The pickup was, literally, a rented prop designed to help a wealthy actor/Washington lobbyist/trial lawyer play the role of salt-of-the-earth populist.

But Chris Matthews and the Beltway pundit crowd don't encounter many actual working-class voters as they stroll the dunes of Nantucket. A wealthy lobbyist/actor who rents a red pickup truck to play the role of a regular guy strikes them as "authentic" and "folksy." Mark Halperin wrote this week that Thompson won his first Senate race "after driving his trademark red pickup truck all over Tennessee."


It reminds me of the way these same rich pundits who like to pretend they're totally blue collar fell for yet another rich candidate who liked to pretend he was blue collar: George W. Bush. Remember how authentic and folksy everyone in the media seemed to find that multimillionaire son of a former president who'd gone to Yale as a legacy and never worked an honest day in his life? But, see, that didn't matter. He liked to clear brush! (Look; no one likes to clear brush. Not that a bunch of rich media guys would know that.)

And they'd always apply a double standard. The formula was always "John Kerry lives in a really expensive house! By contrast, Bush likes to clear brush on his ranch." As if those were not two different ideas. You can't contrast how much someone's house cost with what someone else pretends to like to do at his house. There would have been contrast there if, and only if, Bush's ranch had been really cheap. (It wasn't. Rich guys' pretend cowboy ranches never are.)

Now, because Fred Thompson rents a pickup just long enough to be photographed in it and then drives away in a luxury car afterwards, he's "authentic."

Meanwhile, John Edwards, who genuinely grew up poor but became rich later, is a big phony:

And what of another wealthy Southerner who used to be a trial lawyer? One who doesn't rent props to hide his good fortune? The pundits channel Holden Caulfield and declare John Edwards to be a big phony. Just this week, Bill O'Reilly ("I have no respect for him. He's a phony and is in the tank for special interest to damage this country. Edwards is going nowhere, but deserves to be called out."), Dennis Miller, and Tucker Carlson ("Is Edwards an appalling phony, I guess is my question?") described Edwards as "phony."

The rich trial lawyer/lobbyist who rents a red pickup, not to drive, but to use as a prop? The media tell us he's folksy and authentic. And the rich former trial lawyer who doesn't hide his good fortune? He's a phony.

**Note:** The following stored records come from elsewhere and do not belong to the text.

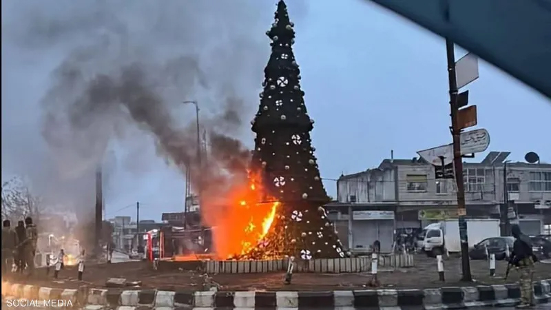 وقال المرصد السوري لحقوق الإنسان إن مسلحين ملثمين أضرموا النار في شجرة الميلاد، ومنعوا المواطنين من الاقتراب تحت تهديد السلاح.
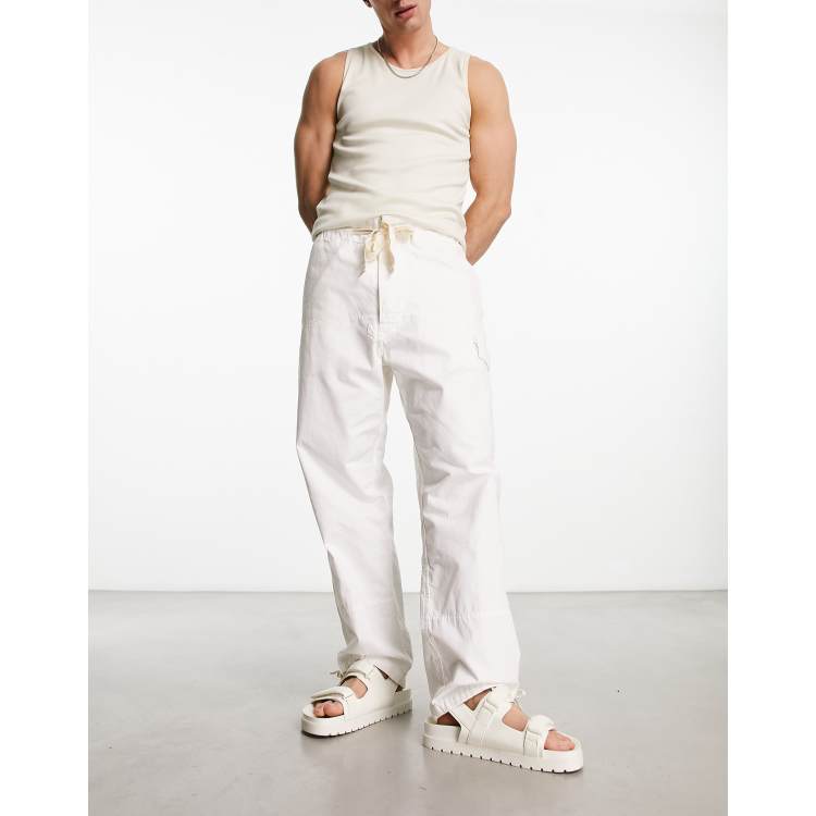 White clearance canvas pants, Coulisse wide leg trousers clearance
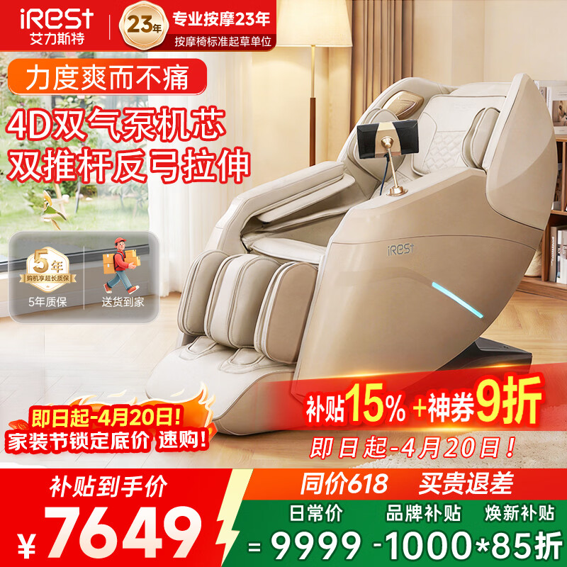 艾力斯特(iRest)S730pro/S730按摩椅家用2026全身太空舱全自动智能零重力豪华电动多功能按摩理疗爸爸妈妈生日礼物 【火爆预售4.23发】S730pro香槟金
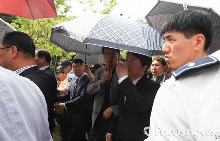 (김해=포커스뉴스) 23일 오후 경남 김해 봉하마을에서 엄수된 故 노무현 전 대통령 서거 7주기 추도식을 마친 뒤 안철수 국민의당 상임공동대표가 우산을 쓴 채 식장을 나서고 있다.

And why is John Edwards a phony? Because he doesn't pretend to be poor. See, if he faked poverty, he'd be authentic, but because he doesn't pretend to be poor, he's a phony. Following this? Well, it only gets dumber.

Because, see, John Edwards is a phony because he advocates policies that would benefit poor people.

If you don't think that makes any sense, think about the apparent rationale that leads journalists to conclude that Edwards is a phony: his policy proposals to fight poverty. He's rich and wants to fight poverty, so they say he's a phony hypocrite. As we have explained, that simply isn't what "hypocrite" means -- it isn't as if Edwards is running around saying everybody should be poor, then going home at night and swimming in gold coins like Scrooge McDuck. That would be hypocrisy -- and that isn't what Edwards advocates at all. He wants to combat poverty. Hypocrisy is generally considered one of the most damaging qualities a politician can exhibit. Political reporters certainly behave as though that is the case. And yet they demonstrate an absolutely stunning lack of understanding of what hypocrisy actually is.


Got it? If you're not actually poor, but want to help poor people, you're a "hypocrite." Anything other than naked self-interest is hypocrisy.

See, all those rich Republicans who want to cut taxes only for themselves and other rich people, while running around posing for photos in rented pickups they pretend to own? That's "authentic."

Now excuse me while I go beat my head against a wall.